First US trachea transplant offers hope to Covid patients with trachea | Medical research

New York City surgeons performed the first tracheal transplant in the United States, giving a woman who suffered from severe asthma a new trachea, the tube that carries air from her mouth to her lungs.

Doctors say such operations can help Covid-19 patients who have suffered severe tracheal damage from breathing machines.

“We talked for 100 years about just putting on a new windpipe,” said Dr. Albert Merati, a surgeon at the University of Washington who did not participate in the recent transplant. But connecting a donor’s trachea to a recipient’s blood supply is a challenge and would only be considered as a last resort, experts say.

“It is technically extremely difficult,” said Dr. David Klassen, medical director of the United Network for Organ Sharing, or Unos, who oversees the United States’ transplant system. “It has been a very difficult thing to decipher.”

The patient, 56-year-old social worker Sonia Sein, said she spent six years “trying to catch her breath every moment” after treatment for severe asthma damaged her windpipe. She is breathing freely again after the operation at New York’s Mount Sinai hospital.

Experts say it is too early to consider the Sein transplant, which Unos said was the first of its kind in the United States, a complete success.

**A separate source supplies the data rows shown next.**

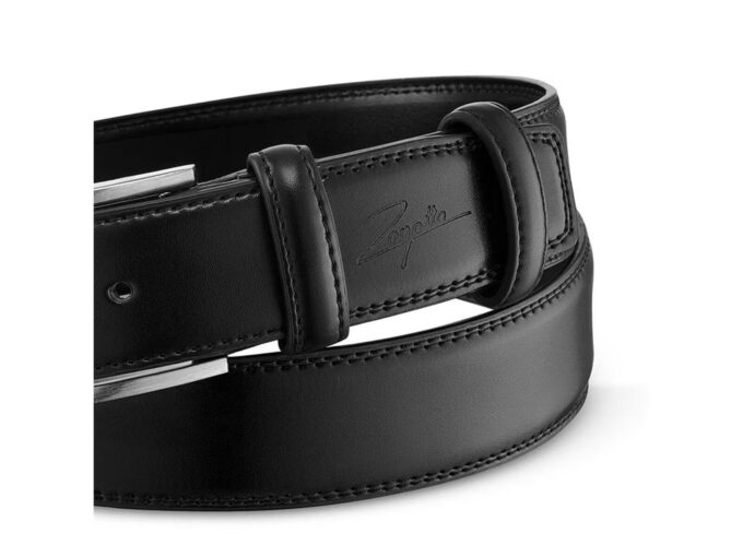 Czarny skórzany pasek męski do spodni z klamrą klasyczną ZAGATTO
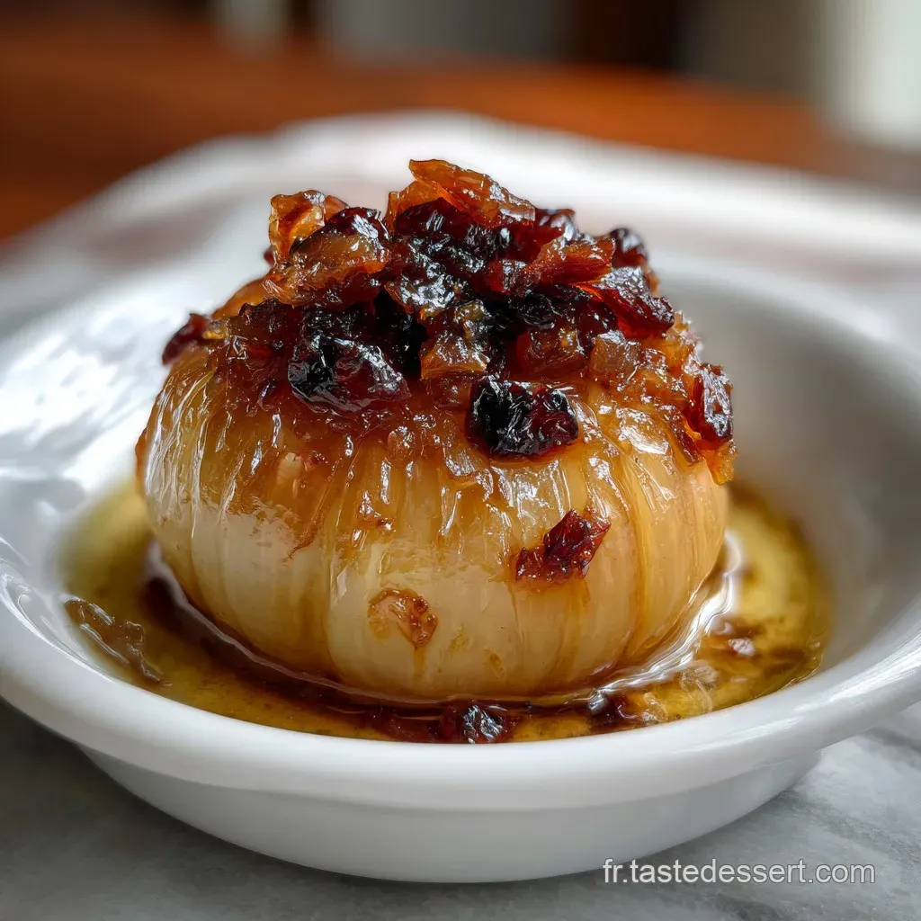 C'est un condiment riche et sirupeux, obtenu par cuisson très lente. Le processus transforme les oignons piquants en une préparation fondante, aigre douce, idéale pour accompagner viandes ou fromages.
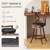 Are you tired of having to constantly adjust your bar stool to face different directions? Look no further than our 360° swivel bar chair. Not only does our swivel bar chair offer unbeatable convenience, but it also prioritizes your comfort. Designed with a soft sponge cushion and an ergonomic curved backrest, it provides optimal support for hours of relaxation. And let's not forget about the convenient footrest, which adds an extra touch of comfort to your feet. Besides, the rubber wood frame is sturdy enough and offers a touch of elegance and sophistication to this chair, making it suitable for bars, kitchens, living rooms, or cafés.

Sein must take powerful drugs to prevent organ rejection, but doctors hope to wean in a few years. Less than three months after the operation, there were no complications or signs of rejection.

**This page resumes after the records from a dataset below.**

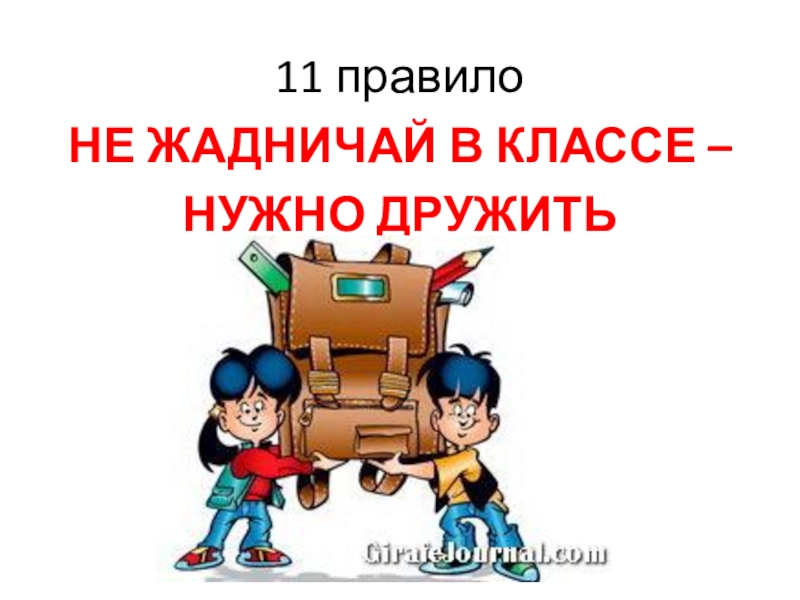 11 правилоНЕ ЖАДНИЧАЙ В КЛАССЕ – НУЖНО ДРУЖИТЬ
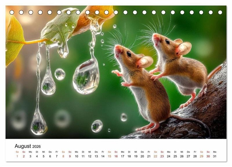 August: Zwei Mäuse beim Regentropfen-Fangen-Spiel
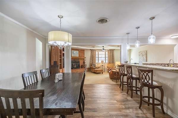 Upon entering, you are greeted by a bright and welcoming living area, featuring an impressive fireplace that adds warmth and charm to the home. This well-maintained property extends a warm invitation to its generously sized large kitchen, a culinary haven with ample counter space ideal for cooking enthusiasts or casual family meals. The seamless flow from the kitchen to the dining area makes entertaining a breeze.
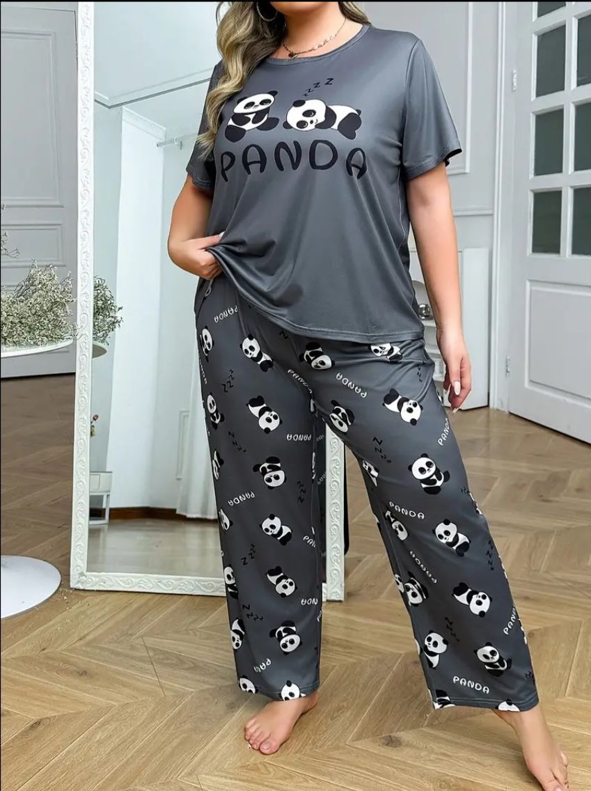 0000 Grey Panda Printed Half Sleeves T-shirt With Panda Printed Pajama Suit
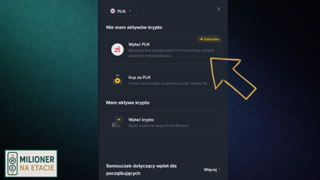 Klikasz „Wpłać” i wybierasz „Wpłać PLN”.

“If it were a failure, we would already know. It is very promising, ”said Dr. Alec Patterson, a transplant surgeon at Washington University in St Louis who was not involved in the operation. “It is a big step forward.”

Sein’s ordeal began in 2014, when doctors put a tube in her throat to help her breathe during a severe asthma attack. It saved his life, but it damaged his windpipe. Several surgeries to reconstruct his trachea did not help. Until now, doctors had few good options for treating serious tracheal damage.

The trachea is much more than just a tube.

“Every breath we take has to be transmitted skillfully from the tip of the nose to the last air pocket in the lungs,” said Merati.

Doctors can remove damaged sections of the trachea or repair or replace them with prostheses, tissue grown in the laboratory, or self-supplied tissue from the skin and cartilage of a patient’s ribs. But these techniques may not restore full organ function, which uses tiny threads to move mucus and has the perfect flexibility to expand and collapse as we breathe, swallow and cough.

When a patient’s entire trachea is damaged, a transplant may be their only hope, said Dr. Eric Genden, a Mount Sinai surgeon who led the team.

“At the moment, we don’t talk much about these patients because there is no option for them,” said Genden. “We hope that this procedure … will help not only patients who are on the verge of disaster, but also patients who are currently considered hopeless.”

In an 18-hour operation, a team of more than 50 specialists transplanted a donor’s trachea, carefully reconnecting it to a complex network of tiny blood vessels.

“When we saw the organ come to life, we knew we had overcome the first hurdle,” said Genden.

Doctors say the procedure can help others with birth defects of the trachea, intractable diseases of the airways or extensive damage to ventilators.

“This could help care for Covid-19 patients,” said Merati. “Without a doubt, we are already seeing some impact” from patients on breathing machines.